Bryan> We could define the __or__ method for RegExFlags, but really,
Bryan> or-ing together integer flags is old habit from low-level
Bryan> languages. Really we should pass a set of flags.

Good idea. Added to the Python3.0Suggestions wiki page:

http://wiki.python.org/moin/Python3%2e0Suggestions

Skip
Jan 5 '06 #13

This thread has been closed and replies have been disabled. Please start a new discussion.

Similar topics

9
by: Tim Conner | last post by:
Is there a way to write a faster function ? public static bool IsNumber( char Value ) { if (Regex.IsMatch( Value.ToString(), @"^+$" )) { return true; } else return false; }
20
by: jeevankodali | last post by:
Hi I have an .Net application which processes thousands of Xml nodes each day and for each node I am using around 30-40 Regex matches to see if they satisfy some conditions are not. These Regex...
17
by: clintonG | last post by:
I'm using an .aspx tool I found at but as nice as the interface is I think I need to consider using others. Some can generate C# I understand. Your preferences please... <%= Clinton Gallagher ...
16
by: clintonG | last post by:
At design-time the application just decides to go boom claiming it can't find a dll. This occurs sporadically. Doing a simple edit in the HTML for example and then viewing the application has...
6
by: Extremest | last post by:
I have a huge regex setup going on. If I don't do each one by itself instead of all in one it won't work for. Also would like to know if there is a faster way tried to use string.replace with all...
7
by: Extremest | last post by:
I am using this regex. static Regex paranthesis = new Regex("(\\d*/\\d*)", RegexOptions.IgnoreCase); it should find everything between parenthesis that have some numbers onyl then a forward...
3
by: aspineux | last post by:
My goal is to write a parser for these imaginary string from the SMTP protocol, regarding RFC 821 and 1869. I'm a little flexible with the BNF from these RFC :-) Any comment ? tests= def...
1
by: mai | last post by:
Hi everyone, i'm trying to exhibit FIFO anomaly(page replacement algorithm),, I searched over 2000 random strings but i couldnt find any anomaly,, am i I doing it right?,, Please help,,,The...
15
by: morleyc | last post by:
Hi, i would like to remove a number of characters from my string (\t \r \n which are throughout the string), i know regex can do this but i have no idea how. Any pointers much appreciated. Chris
0
by: Charles Arthur | last post by:
How do i turn on java script on a villaon, callus and itel keypad mobile phone
0
by: ryjfgjl | last post by:
If we have dozens or hundreds of excel to import into the database, if we use the excel import function provided by database editors such as navicat, it will be extremely tedious and time-consuming...
0
by: emmanuelkatto | last post by:
Hi All, I am Emmanuel katto from Uganda. I want to ask what challenges you've faced while migrating a website to cloud. Please let me know. Thanks! Emmanuel
0
BarryA
by: BarryA | last post by:
What are the essential steps and strategies outlined in the Data Structures and Algorithms (DSA) roadmap for aspiring data scientists?
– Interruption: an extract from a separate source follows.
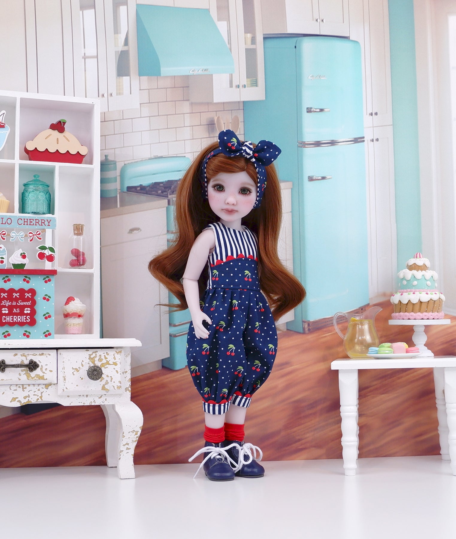 This sweet romper set is the perfect addition to your Fashion Friend's wardrobe. The romper is made of a beautiful red cherry print on navy blue cotton. The fully lined sleeveless bodice is made of contrast navy stripe cotton with an overlay of cherry print trimmed with red rick rack. The pants are gathered at the waist and feature red rick rack at the contrast stripe leg cuffs. The romper fastens in back with buttons. Add the matching headband for a hair accessory. The retro style knot headband is made of cherry & stripe print cottons and features elastic behind the neck for easy styling.

How can individuals effectively utilize this roadmap to progress...
1
by: nemocccc | last post by:
hello, everyone, I want to develop a software for my android phone for daily needs, any suggestions?
1
by: Sonnysonu | last post by:
This is the data of csv file 1 2 3 1 2 3 1 2 3 1 2 3 2 3 2 3 3 the lengths should be different i have to store the data by column-wise with in the specific length. suppose the i have to...
0
by: Hystou | last post by:
Most computers default to English, but sometimes we require a different language, especially when relocating. Forgot to request a specific language before your computer shipped? No problem! You can...
0
Oralloy
by: Oralloy | last post by:
Hello folks, I am unable to find appropriate documentation on the type promotion of bit-fields when using the generalised comparison operator "<=>". The problem is that using the GNU compilers,...
0
jinu1996
by: jinu1996 | last post by:
In today's digital age, having a compelling online presence is paramount for businesses aiming to thrive in a competitive landscape. At the heart of this digital strategy lies an intricately woven...

By using Bytes.com and it's services, you agree to our Privacy Policy and Terms of Use.

To disable or enable advertisements and analytics tracking please visit the manage ads & tracking page.